第3章 柳家小女
有时候柳仙并不想以对待敌人的方法来对待身边人,但世间琐事又岂能事事如愿,人在江湖中,本就是浮萍一颗,能走多远,也全看自己的本事。
涟漪的刀尖终究還是沒有落下,刀下人早已不见,只剩下自己眼前传来的朦胧感。
她好似看到了那天的血雨腥风,一個三岁的小女娃,在地窖目睹着自己全家被杀的时候。
那個人是個魔鬼。
柳擎天是她的仇人,但是自己如今报不了仇,却将自己搭了进去。
她尤還记得,父亲倒下的之时,眼神之中的安慰和笑意,可能自己活下去,就是对他最好的慰籍。
但是现在,說什么都迟了。
她本以为,学了《绣春临江刀》的前三式就可杀死柳仙,却忘了,以柳仙缜密的性子,又怎会对她毫无防备。

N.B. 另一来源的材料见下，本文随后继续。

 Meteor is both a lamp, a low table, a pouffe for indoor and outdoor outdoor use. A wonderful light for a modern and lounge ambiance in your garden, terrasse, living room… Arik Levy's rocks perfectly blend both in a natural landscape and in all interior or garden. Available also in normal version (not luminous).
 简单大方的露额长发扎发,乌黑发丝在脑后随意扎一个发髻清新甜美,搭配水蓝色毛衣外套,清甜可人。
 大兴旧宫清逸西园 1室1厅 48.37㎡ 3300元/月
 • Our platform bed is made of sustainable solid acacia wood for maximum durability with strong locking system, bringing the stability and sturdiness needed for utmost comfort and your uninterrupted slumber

“你如何看出来的。”涟漪缓缓收回短刀,笑容微微停滞在了她的玉容只上,皓腕洁白,肌肤细腻,却突兀的显露出了一抹黑色的血线。
這是毒。
柳仙早已坐到了椅子上,身边站着一位黑衣老者,身形佝偻,气息绵绵,却让人感觉遥不可及,這是一位不出世的罕见高手,乃是柳府之中的老人。

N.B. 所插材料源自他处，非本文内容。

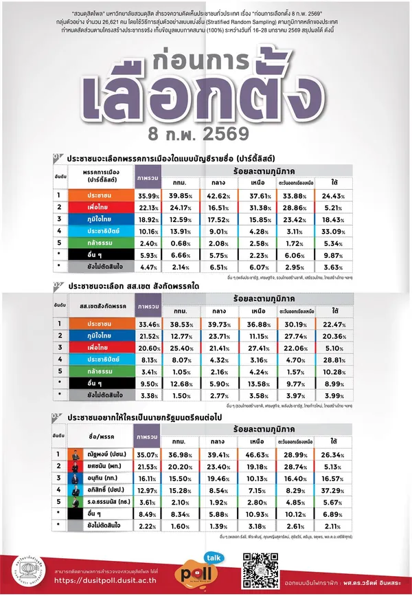 “สวนดุสิตโพล” มหาวิทยาลัยสวนดุสิต สำรวจความคิดเห็นประชาชนทั่วประเทศ เรื่อง “ก่อนการเลือกตั้ง 8 ก.พ. 2569” ระหว่างวันที่ 16-28 มกราคม 2569 พบว่า พรรคการเมืองแบบบัญชีรายชื่อ (ปาร์ตี้ลิสต์) ที่กลุ่มตัวอย่างจะเลือก คือ พรรคประชาชน 35.99% รองลงมาคือ เพื่อไทย 22.13% ภูมิใจไทย 18.92% ด้าน สส. เขต จะเลือกสังกัดพรรคประชาชน 33.46% รองลงมาคือ ภูมิใจไทย 21.52% เพื่อไทย 20.60% และอยากให้นายณัฐพงษ์ เรืองปัญญาวุฒิ (ปชน.) เป็นนายกรัฐมนตรี 35.07% รองลงมาคือ นายยศชนัน วงศ์สวัสดิ์ (พท.) 21.53% และนายอนุทิน ชาญวีรกูล (ภท.) 16.11%
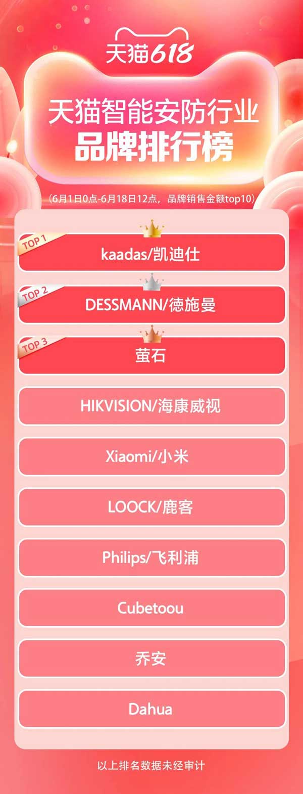 來自天貓數(shù)據(jù)的品牌排行榜顯示,凱迪仕、德施曼、螢石、??低?、小米、鹿客、飛利浦、Cubetoou、喬安、Dahua等品牌銷售金額TOP10。其中,來自凱迪仕的官方消息,天貓店成為618活動智能鎖行業(yè)首個破億的品牌。
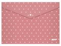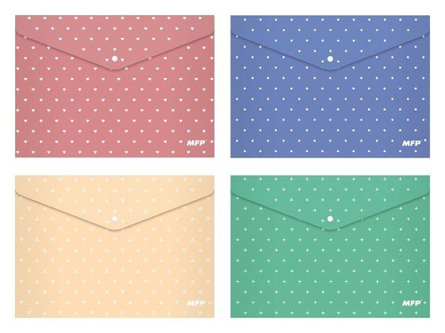 Složka z PolyPropylenu (PP), která se zavírá pomocí druku - velikost A4. Složka slouží jako pomocník pro třídění a ukládání dokumentů, takže je budete mít vždy pohromadě. MATERIÁL: PP SÍLA MATERIÁLU: 0,21 mm BARVA: béžová, zelená, modrá, starorůžová POTISK: srdce, puntíky, trojúhelníky, pluska Uvedená cena je za 1 ks.

“想要杀我,除非是我身边的亲信,或者說,必须是一品高手。”柳仙缓缓說道,這個天下,能够杀她柳仙的,除了修仙之人,必将是她身边的一品高手。
這何其困难?
且不說柳仙身边的亲信,就算是一品高手,谁又会去杀一個柳仙?柳府虽时常有人潜入欲要谋杀柳仙,但都是還沒到内院就已经被老三等人灭掉,更别說见柳仙一面。
柳家院门高,建筑更是繁多,
“如何处置?”旁边的老人声音嘶哑,沉沉问道。
柳仙面色不改,世人只知她柳仙是個风流执跨的小姐,却不知她柳仙的所作所为。
“你說你不杀我多好,啧啧,你這样的长相,我還真想把你收成通房丫头,每天给我暖暖被窝。但是吧,我向来对欲要害我之人不怎么通情达理。至于美貌,天下女子最不缺的就是美貌。”柳仙好似是无意间的說了一番话。
那涟漪的脖子上瞬间爬起来一道道黑色的血线,极为渗人,如枯老藤蔓一天網上爬着,涟漪发现了自己身上的异象,偏头一看,铜镜之中,她的脸已经惨不忍睹,看不出是一個人样。
“啊……求求你,放過我……放過我,還我的脸,還我的脸……”涟漪身上丝质的长衣滑下白皙的肩膀,露出了饱满而不张扬的半抹酥胸。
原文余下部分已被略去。